* **THE PROBLEM**:
All of the data that follows is to be printed exactly, without pictures.

* **DATASET CONTENT**:
◇ ◇ ◇
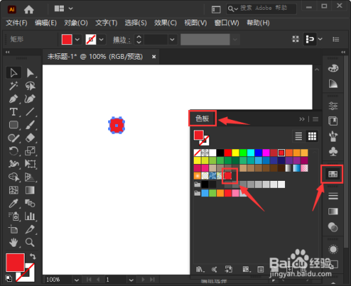 我们选中矩形,然后在色板中点击红色圆角形状的图案。
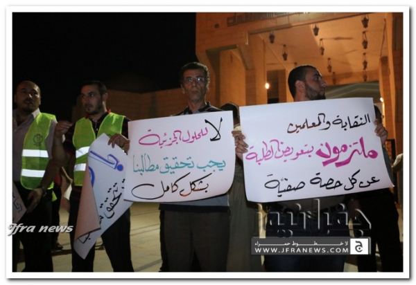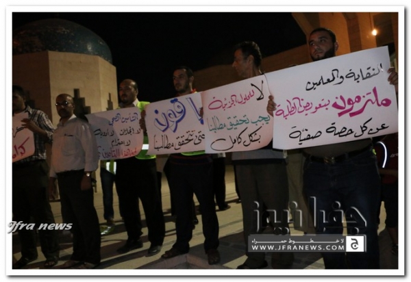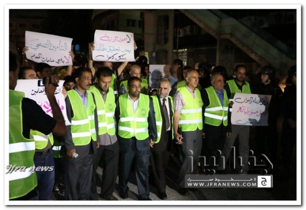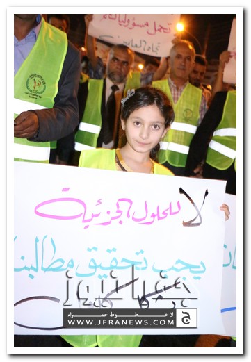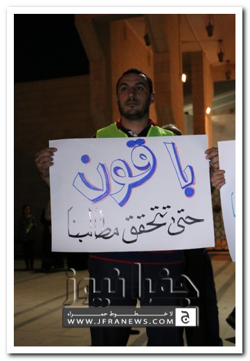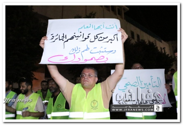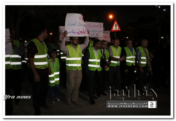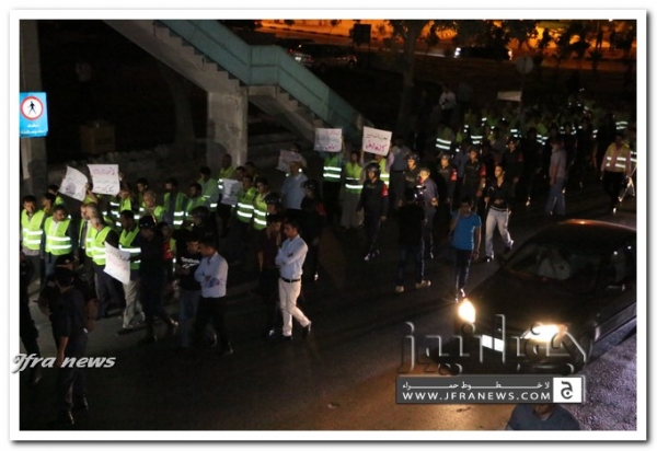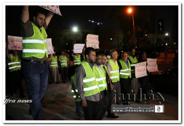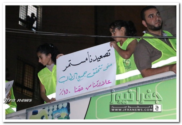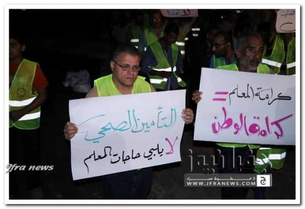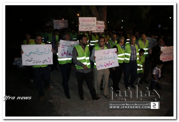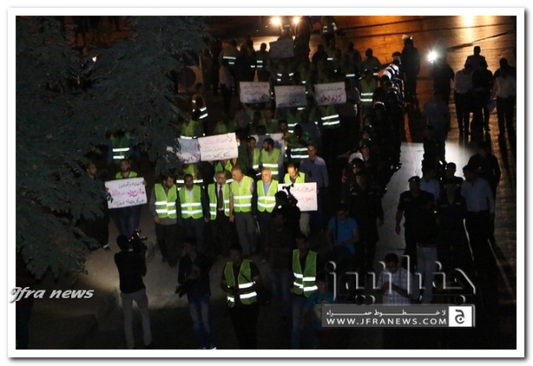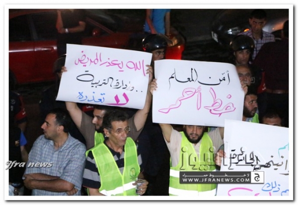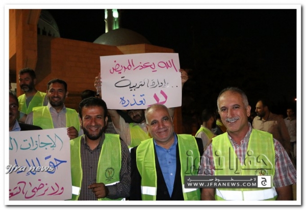 أنطلقت مسيرة لنقابة المعلمين من امام مسجد الملك عبدالله الاول الى نقابة المعلمين ضمت العشرات من اعضاء النقابة حيث رفعت يافطات تطالب بحقوقهم :
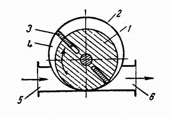 1- ротор; 2- корпус; 3- пластины; 4- рабочее пространство;
◇ ◇ ◇
* **TASK OUTPUT**:
 我们选中矩形,然后在色板中点击红色圆角形状的图案。
 أنطلقت مسيرة لنقابة المعلمين من امام مسجد الملك عبدالله الاول الى نقابة المعلمين ضمت العشرات من اعضاء النقابة حيث رفعت يافطات تطالب بحقوقهم :
 1- ротор; 2- корпус; 3- пластины; 4- рабочее пространство;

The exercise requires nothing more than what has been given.